Он пошарил рукой по стене, нашел кнопку и позвонил. В комнату вбежала Сима с заплаканными глазами, за ней вошла мать с красным, еще не остывшим от гнева, лицом.

Алеша с трудом приподнялся на локте и слабо попросил:

— Я хочу сесть…

Сима помогла ему сесть и обложила его подушками.

— Сядьте, мама… и ты, Сима…

Мать села на стул, Сима — на постель. Обе вопросительно ждали, приготовившись каждая по-своему. Алеша переводил глаза с одной на другую и смотрел серьезно и грустно.

— Мама, — сказал он, устало закрывая глаза: — я вас хочу попросить… Это моя последняя просьба. Я больше никогда ни о чем не смогу вас просить… ничем не буду огорчать…

Он остановился. Ему было трудно говорить. В груди начинало клокотать, нужно было переждать, чтобы не вызвать приступа кашля. У Симы глаза наполнились слезами, и она отвела их в сторону, чтобы Алеша не видел. А мать воспользовалась его передышкой и быстро заговорила, сразу приняв, в еще не улегшемся в ней раздражении, боевой тон:

— Я знаю, о чем ты хочешь просить! Но этого не будет никогда! И так уже все в городе пальцами на нас показывают, от шпилек и намеков проходу нет! Еще не доставало пустить к себе в дом эту потаскушку!..

— Мама! — вырвалось у Алеши и Симы одновременно.
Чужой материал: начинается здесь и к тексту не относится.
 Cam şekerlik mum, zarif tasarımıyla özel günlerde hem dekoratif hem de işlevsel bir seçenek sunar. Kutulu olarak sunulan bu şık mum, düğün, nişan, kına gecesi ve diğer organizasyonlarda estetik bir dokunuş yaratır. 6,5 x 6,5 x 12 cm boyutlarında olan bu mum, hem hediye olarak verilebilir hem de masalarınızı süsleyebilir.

Но она отмахнулась от них рукой и продолжала говорить — так визгливо и грубо, что Алеша корчился на постели и стонал, словно его хлестали раскаленными железными прутьями. Эта, уже не молодая, женщина любила своих детей, вероятно, больше всего на свете и готова была для них пожертвовать своей жизнью; но счастье своих детей она понимала по-своему, и то, что они не хотели того счастья, о котором она мечтала для них, а пытались создавать свое, которого она не понимала и которое, наоборот, казалось ей несчастьем — выводило ее из себя, заставляло забывать обо всем на свете, даже о том, что Алеша смертельно болен и что дни его сочтены.
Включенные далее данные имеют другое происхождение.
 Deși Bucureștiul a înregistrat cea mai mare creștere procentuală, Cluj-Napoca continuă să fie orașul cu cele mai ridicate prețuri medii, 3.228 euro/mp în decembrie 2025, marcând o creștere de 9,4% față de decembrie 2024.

— Пока я жива, я никогда этого не допущу! — кричала она в исступлении: — довольно, что ты водил ее сюда, когда нас не было, и все лето, вместо того, чтобы поехать в Крым, валандался здесь с нею!.. Таких, как она, тысячи ходят по улицам и продаются каждому встречному!..

— Мама, да перестаньте же!.. — негодующе закричала Сима, дрожа от гнева и обиды за Алешу и Лелю.

Алеша тщетно пытался заговорить и только ломал в отчаянии пальцы…

Мать сразу замолчала и обернулась к Симе. Она никогда не видела эту, всегда послушную, тихую девочку такой возмущенной и гневно протестующей. В первое мгновение она даже потерялась и не знала, что сказать. Но она тотчас же опомнилась и, повелительно указав дочери на дверь, строго сказала:

— Сима, выйди отсюда! Тебе еще рано мешаться в такие дела!..

— Не пойду! — дерзко сказала Сима, сверкнув, как дикий зверек, глазами.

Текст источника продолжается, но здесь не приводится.